-- Stored data follows --

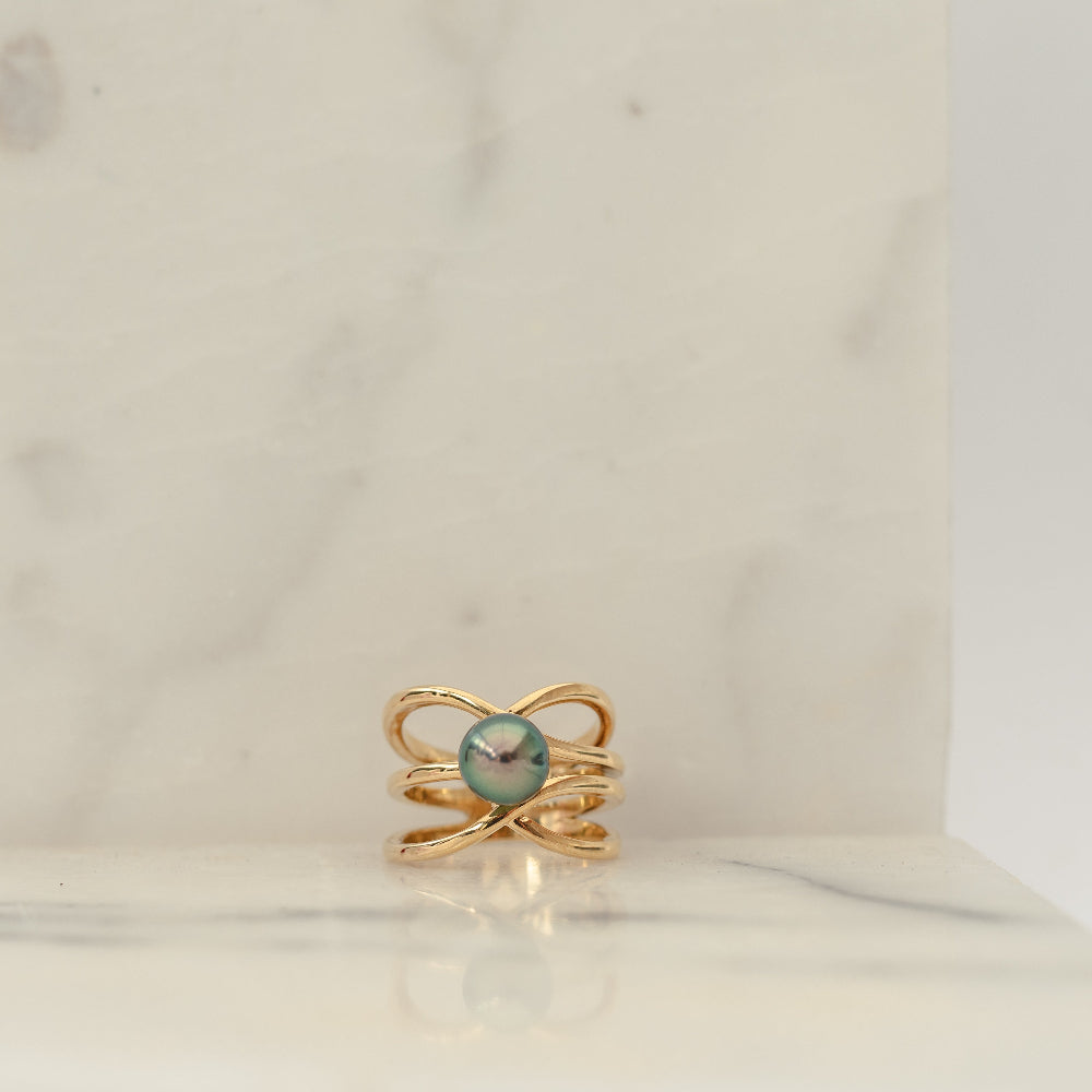 Golden bands swoop and curve like they were choreographed, framing a single, hypnotic Tahitian Pearl. This isn’t just any pearl—it’s the ocean’s mic drop. Mysterious, luminous, and born in the depths of French Polynesia, this Tahitian Pearl doesn’t whisper “luxury.” She sings it in perfect pitch.
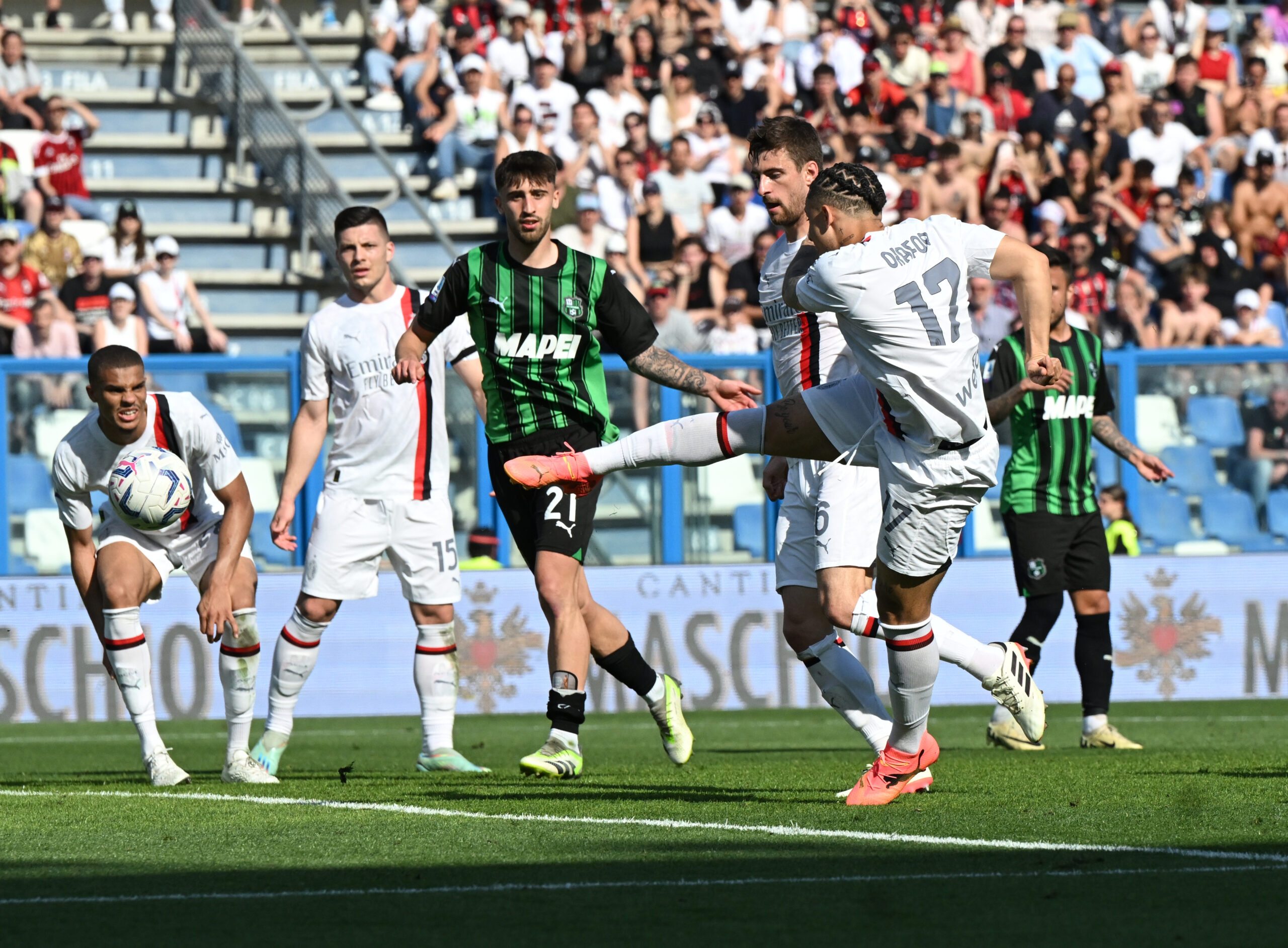 REGGIO NELL'EMILIA, ITALY - APRIL 14: Noah Okafor of AC Milan celebrates scores the goal during the Serie A TIM match between US Sassuolo and AC Milan at Mapei Stadium - Citta' del Tricolore on April 14, 2024 in Reggio nell'Emilia, Italy. (Photo by Claudio Villa/AC Milan via Getty Images)
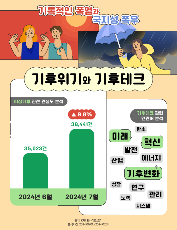 ‘이상기후’ 관련 언급량은 2024년 6월 대비 2024년 7월에 약 10% 상승해 지구촌 날씨에 경각심을 가지고 있음을 확인할 수 있었다.
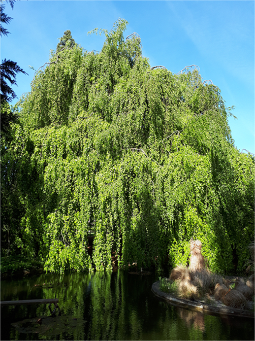 An diesen befinden sich Seitenäste die senkrecht bis zum Boden hängen.
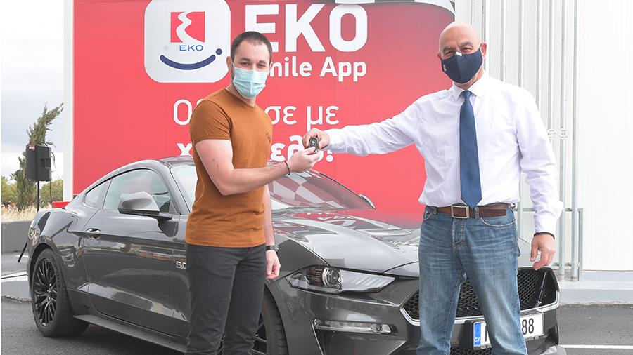 Η ΕΚΟ συνεχίζει να μοιράζει χαμόγελα μέσα από το ΕΚΟ Smile. Αυτή τη φορά παρέδωσε σε έναν ακόμη υπερτυχερό του μεγάλου διαγωνισμού EKO Smile App, ένα αυτοκίνητο – όνειρο για κάθε οδηγό. Ο μεγάλος νικητής Γιώργος Εφραίμη απέκτησε ένα ολοκαίνουργιο επιβατικό όχημα Ford Mustang Fastback 5.0V GT A/T, αξίας €56.300, το οποίο παρέλαβε κατά τη διάρκεια εκδήλωσης που πραγματοποιήθηκε το Σάββατο 10 Απριλίου. Η εκδήλωση έλαβε χώρα στο νέο υπερσύγχρονο πρατήριο ΕΚΟ στη Λακατάμεια, στην οδό Μελίνας Μερκούρη 22, τηρώντας όλα τα απαραίτητα μέτρα για τη διασφάλιση της υγείας των παρευρισκομένων.
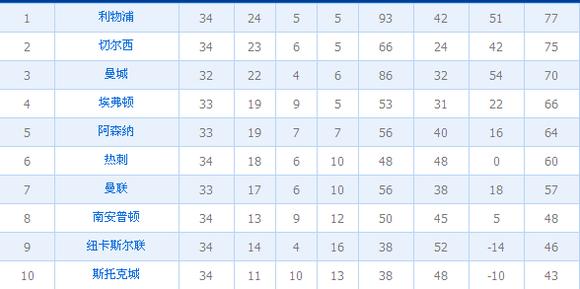 截至北京时间4月14日,2013-14赛季英超第34轮结束了8场较量,除了阿森纳和曼联的比赛外,其他全部比赛结束。本轮在一场天王山战役中,利物浦3-2击败曼城。切尔西也一场关键战役中1-0击败斯旺西,结束客场3连败,以2分优势紧随利物浦,领先曼城5分。不过,蓝月亮少赛2场仍然有反超切尔西的可能。而在欧冠资格赛席位的争夺中,埃弗顿抢到了阿森纳的前面,两队同样只赛33轮,目前太妃糖积分比枪手高2分。
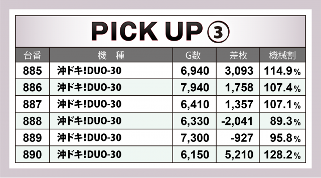また、この日は3機種4か所の横並び好況スポットが出現。それぞれプラス台の占める割合は高く、差枚数+3千~2千枚クラスの台が頻発。中でも好成績だったのが『沖ドキ!DUO-30』。+5千枚の台を筆頭に10台合計で1万5千枚を達成!

-- Stored data concluded --

Problem to solve
Everything above except the pictures must be restated exactly.

Solution to this task
 Golden bands swoop and curve like they were choreographed, framing a single, hypnotic Tahitian Pearl. This isn’t just any pearl—it’s the ocean’s mic drop. Mysterious, luminous, and born in the depths of French Polynesia, this Tahitian Pearl doesn’t whisper “luxury.” She sings it in perfect pitch.
 REGGIO NELL'EMILIA, ITALY - APRIL 14: Noah Okafor of AC Milan celebrates scores the goal during the Serie A TIM match between US Sassuolo and AC Milan at Mapei Stadium - Citta' del Tricolore on April 14, 2024 in Reggio nell'Emilia, Italy. (Photo by Claudio Villa/AC Milan via Getty Images)
 ‘이상기후’ 관련 언급량은 2024년 6월 대비 2024년 7월에 약 10% 상승해 지구촌 날씨에 경각심을 가지고 있음을 확인할 수 있었다.
 An diesen befinden sich Seitenäste die senkrecht bis zum Boden hängen.
 Η ΕΚΟ συνεχίζει να μοιράζει χαμόγελα μέσα από το ΕΚΟ Smile. Αυτή τη φορά παρέδωσε σε έναν ακόμη υπερτυχερό του μεγάλου διαγωνισμού EKO Smile App, ένα αυτοκίνητο – όνειρο για κάθε οδηγό. Ο μεγάλος νικητής Γιώργος Εφραίμη απέκτησε ένα ολοκαίνουργιο επιβατικό όχημα Ford Mustang Fastback 5.0V GT A/T, αξίας €56.300, το οποίο παρέλαβε κατά τη διάρκεια εκδήλωσης που πραγματοποιήθηκε το Σάββατο 10 Απριλίου. Η εκδήλωση έλαβε χώρα στο νέο υπερσύγχρονο πρατήριο ΕΚΟ στη Λακατάμεια, στην οδό Μελίνας Μερκούρη 22, τηρώντας όλα τα απαραίτητα μέτρα για τη διασφάλιση της υγείας των παρευρισκομένων.
 截至北京时间4月14日,2013-14赛季英超第34轮结束了8场较量,除了阿森纳和曼联的比赛外,其他全部比赛结束。本轮在一场天王山战役中,利物浦3-2击败曼城。切尔西也一场关键战役中1-0击败斯旺西,结束客场3连败,以2分优势紧随利物浦,领先曼城5分。不过,蓝月亮少赛2场仍然有反超切尔西的可能。而在欧冠资格赛席位的争夺中,埃弗顿抢到了阿森纳的前面,两队同样只赛33轮,目前太妃糖积分比枪手高2分。
また、この日は3機種4か所の横並び好況スポットが出現。それぞれプラス台の占める割合は高く、差枚数+3千~2千枚クラスの台が頻発。中でも好成績だったのが『沖ドキ!DUO-30』。+5千枚の台を筆頭に10台合計で1万5千枚を達成!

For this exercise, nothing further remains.